Select Specific Columns

In [12]:
# Extract only customer ID, company name, and country
customers.select("CustomerID", "CompanyName", "Country").show(5)

+----------+--------------------+-------+
|CustomerID|         CompanyName|Country|
+----------+--------------------+-------+
|     ALFKI| Alfreds Futterkiste|Germany|
|     ANATR|Ana Trujillo Empa...| Mexico|
|     ANTON|Antonio Moreno Ta...| Mexico|
|     AROUT|     Around the Horn|     UK|
|     BERGS|  Berglunds snabbköp| Sweden|
+----------+--------------------+-------+
only showing top 5 rows


Add New Column with Literal Value

In [14]:
# Add a constant 'Active' status column to all customers
customers_with_status = customers.withColumn("Status", F.lit("Active"))
customers_with_status.select("CustomerID", "CompanyName", "Status").show(5)


+----------+--------------------+------+
|CustomerID|         CompanyName|Status|
+----------+--------------------+------+
|     ALFKI| Alfreds Futterkiste|Active|
|     ANATR|Ana Trujillo Empa...|Active|
|     ANTON|Antonio Moreno Ta...|Active|
|     AROUT|     Around the Horn|Active|
|     BERGS|  Berglunds snabbköp|Active|
+----------+--------------------+------+
only showing top 5 rows


Rename Columns

In [15]:
# Rename CustomerID to ID and CompanyName to Company
customers_renamed = customers.withColumnRenamed("CustomerID", "ID").withColumnRenamed("CompanyName", "Company")
customers_renamed.select("ID", "Company", "Country").show(5)
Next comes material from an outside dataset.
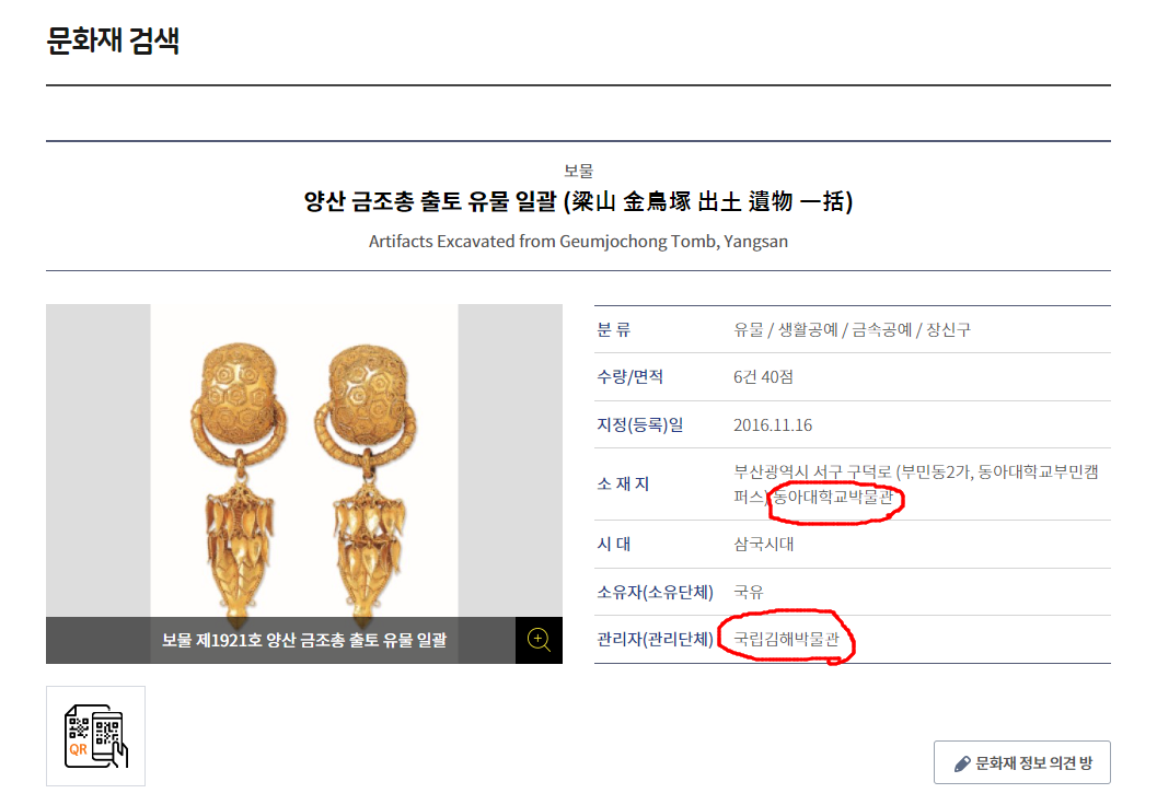 금조총 출토 유물인데 이걸 보면 이 황금귀걸이 한 쌍은 동아대박물관이 보관하고 있고 관리단체는 국립김해박물관이다.이 귀걸이는 당연히 국가귀속되었으니 저리 처리되었을 것이다.

+-----+--------------------+-------+
|   ID|             Company|Country|
+-----+--------------------+-------+
|ALFKI| Alfreds Futterkiste|Germany|
|ANATR|Ana Trujillo Empa...| Mexico|
|ANTON|Antonio Moreno Ta...| Mexico|
|AROUT|     Around the Horn|     UK|
|BERGS|  Berglunds snabbköp| Sweden|
+-----+--------------------+-------+
only showing top 5 rows


Conditional Column Creation

In [19]:
# Categorize products as 'Expensive' if price > 20, else 'Affordable'
products_categorized = products.withColumn("PriceCategory", 
    F.when(F.col("UnitPrice") > 20, "Expensive").otherwise("Affordable"))
products_categorized.select("ProductName", "UnitPrice", "PriceCategory").show(5)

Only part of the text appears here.